Among the documents found in Cairo Genizah are a letter signed by Maimonides, a draft of Maimonides’s laws that was hand-corrected by the author, the oldest piece of Jewish sheet music, the oldest rabbinic text ever discovered and, as an illustration in an 11th-century child’s reading primer, the oldest use of the Star of David.
Altogether, Cairo Genizah contained some 350,000 manuscript fragments dated from about 870 CE to as late as 1880, with the majority of documents dating from the period between 950 and 1250 CE. Most of the fragments, some 70%, are still in Cambridge, another 20% to 25% is at Jewish Theological Seminary in New York, and the rest are scattered around the world.
Sadly, most of the Cairo Genizah treasure was found in poor condition: paper had crumbled or been stuck together; parchment was torn; text was missing in the middle of documents. Some pages were covered with a molasses-like goop, of undetermined origin. No one had cataloged any of the pages. And so much of it is in little fragments. Only recently, computer scientists at Tel Aviv University started using artificial intelligence to piece together some of the fragments; to date, they have been able to reconstruct more than 1,000 documents, but many more await their turn.
To do these reconstructions, computer scientists photograph and digitize the fragments, which are then scanned using algorithms, segments of which were developed for facial recognition. The computer ignores content and looks for matching physical attributes. Nachum Dershowitz of Tel-Aviv University’s Blavatnik School of Computer Science explains:
“We look at the shape of letters and the spacing between lines and things like that. If you have two pages from the same book, then the layout of each page is similar.”
Eventually, the more documents the computer sees, the better the algorithm will get, an attribute that A.I. scientists call computer learning.
Based on reconstructed documents and even mere fragments, scholars are able to study diverse aspects of the social and economic history of the Jewish people. Judaic scholar Shelomo Dov Goitein created a “who is who” index based on the Cairo Genizah documents which covers about 35,000 individuals. This included about 350 “prominent people” (among them Maimonides and his son Abraham), 200 “better known families”, and mentions people of 450 professions. But the world-wide coverage of the Cairo Genizah treasure goes far beyond the Jewish community in Egypt at the time, as documents come also from Palestine, Lebanon, Syria, Tunisia and Sicily. Other documents cover trade networks extending as far as India. Cities mentioned range from Samarkand to Seville, from Aden to Constantinople, from Marseilles to Venice, and even Kiev and Rouen are occasionally mentioned. Several documents from Cairo Genizah, namely, the Khazar Correspondence, the Schechter Letter and the Kievian Letter, shed a new light on the history of Khazaria and Kievan Rus.
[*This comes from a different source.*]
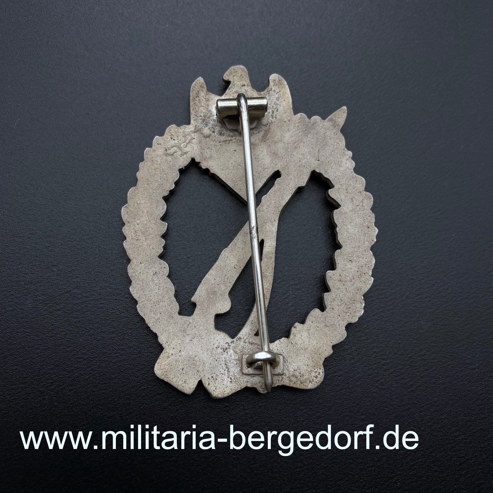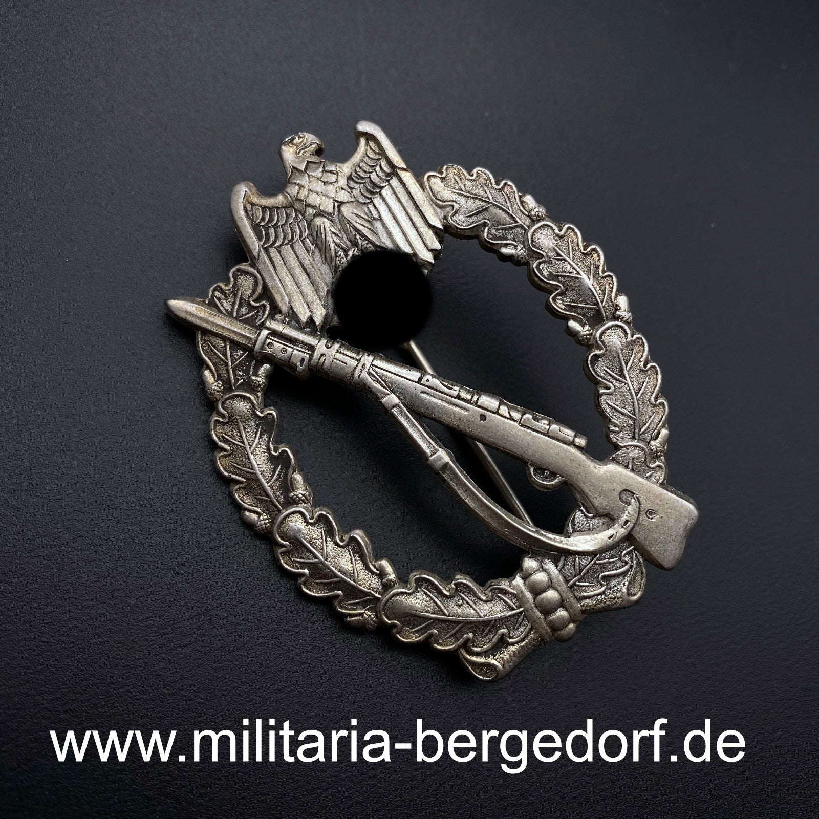 Unworn, near mint infantry assault badge in silver made by an unknown maker. White, frosty finish. Rare piece!
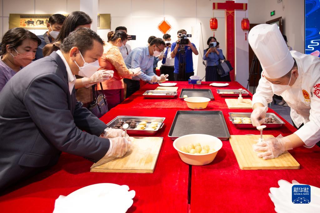 9月9日,人們在位于老撾首都萬(wàn)象的老撾中國文化中心學(xué)做月餅。

But Cairo Genizah documents are important not only to historians and Judaic scholars, but to linguists as well because they allow us to trace the development of Hebrew (as well as of Arabic, to a lesser extent). But the linguistic significance of Cairo Genizah does not stop there: curiously, some of the documents are written in, or contain words from, Indo-European languages; historical linguists are interested in these documents because by examining how words in other languages, for example Old French, are rendered in the Hebrew script one can draw conclusions about the pronunciation patterns and more generally the historical development of French.